Why the Monkees were never considered ‘a real group’

Monkeying around on TV vastly increased the group’s sales and popularity but prevented them from ever being taken seriously, says Tom Kemper

Clockwise from top left: Peter Tork, Micky Dolenz, Michael Nesmith and Davy Jones, c.1966. [Alamy]

Among those of a certain age, no pop group of the 1960s provokes a debate quite like the Monkees – neither the Beatles, who now represent the establishment they once threatened to overturn; nor the Rolling Stones, whose shock value resides in a shameless career of cultural appropriation rather than the pursuit of sex, drugs and rock’n’roll; nor the Who, half of whose members died before they got old, but who kept touring regardless.

These arguments about the Monkees can grow heated. The Rock and Roll Hall of Fame – the music industry-funded mausoleum located in Cleveland, Ohio – stubbornly refuses to recognise the contribution of ‘the Prefab Four’ on the spurious grounds that the hit-making combo was not ‘a real group’ but one put together for a television show. In a world of boy bands, synergies and cross-pollinations, quibbling over the relative merits of a (hugely successful) pop group seems not merely quaint but bizarre. Nearly six decades after they first hit TV screens, airwaves and the street, the Monkees still attract the funniest looks from everyone they meet.

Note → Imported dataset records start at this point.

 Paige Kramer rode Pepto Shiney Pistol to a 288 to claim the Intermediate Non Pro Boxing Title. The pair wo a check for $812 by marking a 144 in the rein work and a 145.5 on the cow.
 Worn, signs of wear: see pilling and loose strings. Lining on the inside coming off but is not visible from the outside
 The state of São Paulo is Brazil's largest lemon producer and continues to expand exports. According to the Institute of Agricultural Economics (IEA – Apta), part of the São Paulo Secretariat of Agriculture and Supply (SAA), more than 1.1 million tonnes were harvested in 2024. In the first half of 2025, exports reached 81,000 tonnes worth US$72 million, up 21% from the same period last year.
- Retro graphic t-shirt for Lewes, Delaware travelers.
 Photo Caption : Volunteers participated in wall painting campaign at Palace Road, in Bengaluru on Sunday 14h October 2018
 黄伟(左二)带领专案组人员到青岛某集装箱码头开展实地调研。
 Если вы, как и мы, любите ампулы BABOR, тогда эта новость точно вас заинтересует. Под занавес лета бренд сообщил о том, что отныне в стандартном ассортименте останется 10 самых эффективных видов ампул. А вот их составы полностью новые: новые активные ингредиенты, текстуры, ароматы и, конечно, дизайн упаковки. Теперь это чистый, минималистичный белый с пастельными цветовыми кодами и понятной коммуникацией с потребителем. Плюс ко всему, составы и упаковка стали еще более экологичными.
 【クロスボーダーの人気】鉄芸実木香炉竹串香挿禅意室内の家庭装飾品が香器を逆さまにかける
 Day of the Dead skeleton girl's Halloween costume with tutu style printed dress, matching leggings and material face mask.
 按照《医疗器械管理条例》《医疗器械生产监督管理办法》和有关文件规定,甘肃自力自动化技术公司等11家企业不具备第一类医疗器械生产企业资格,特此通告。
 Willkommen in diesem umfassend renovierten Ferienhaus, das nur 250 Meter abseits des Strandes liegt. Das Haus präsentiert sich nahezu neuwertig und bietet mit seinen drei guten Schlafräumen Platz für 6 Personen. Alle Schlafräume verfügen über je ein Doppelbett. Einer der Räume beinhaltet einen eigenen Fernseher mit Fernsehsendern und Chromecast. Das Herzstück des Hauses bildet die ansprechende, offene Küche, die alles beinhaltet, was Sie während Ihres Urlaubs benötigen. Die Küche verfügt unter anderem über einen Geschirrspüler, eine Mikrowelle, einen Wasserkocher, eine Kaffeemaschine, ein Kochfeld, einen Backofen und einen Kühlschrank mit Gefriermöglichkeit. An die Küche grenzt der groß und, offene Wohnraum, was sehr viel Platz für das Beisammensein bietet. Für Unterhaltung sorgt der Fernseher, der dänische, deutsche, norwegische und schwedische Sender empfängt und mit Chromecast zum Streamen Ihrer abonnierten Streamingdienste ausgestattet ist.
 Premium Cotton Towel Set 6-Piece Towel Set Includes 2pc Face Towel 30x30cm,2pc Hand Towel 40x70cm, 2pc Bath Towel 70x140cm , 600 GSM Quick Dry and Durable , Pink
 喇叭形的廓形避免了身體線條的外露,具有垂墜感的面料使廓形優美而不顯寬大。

In this book, Tom Kemper helps us understand what it is that continues to make the Monkees phenomenon ‘compelling, fascinating and divisive’:

Like any mythology or religion, the new rock criticism placed extreme emphasis on origins. Tracing an icon’s roots became a sacral measure of its authenticity, as in religious stories, mythologies and the new rock discourse; indeed, it became part of a band’s public relations. The Monkees emerged just at this moment… They are a product – a culmination – of the pop-rock industry as became both a complex system of industrial practices and an image of the values that informed the rock mythos: spontaneity, utopianism, liberalism.

As the title Made in Hollywood suggests, Kemper proposes that the Monkees were an integrated product of the Hollywood system – not only the coordination of talented individuals, from song-writers to musicians to producers, but also a business network encompassing the burgeoning music, film, television, radio and publishing industries.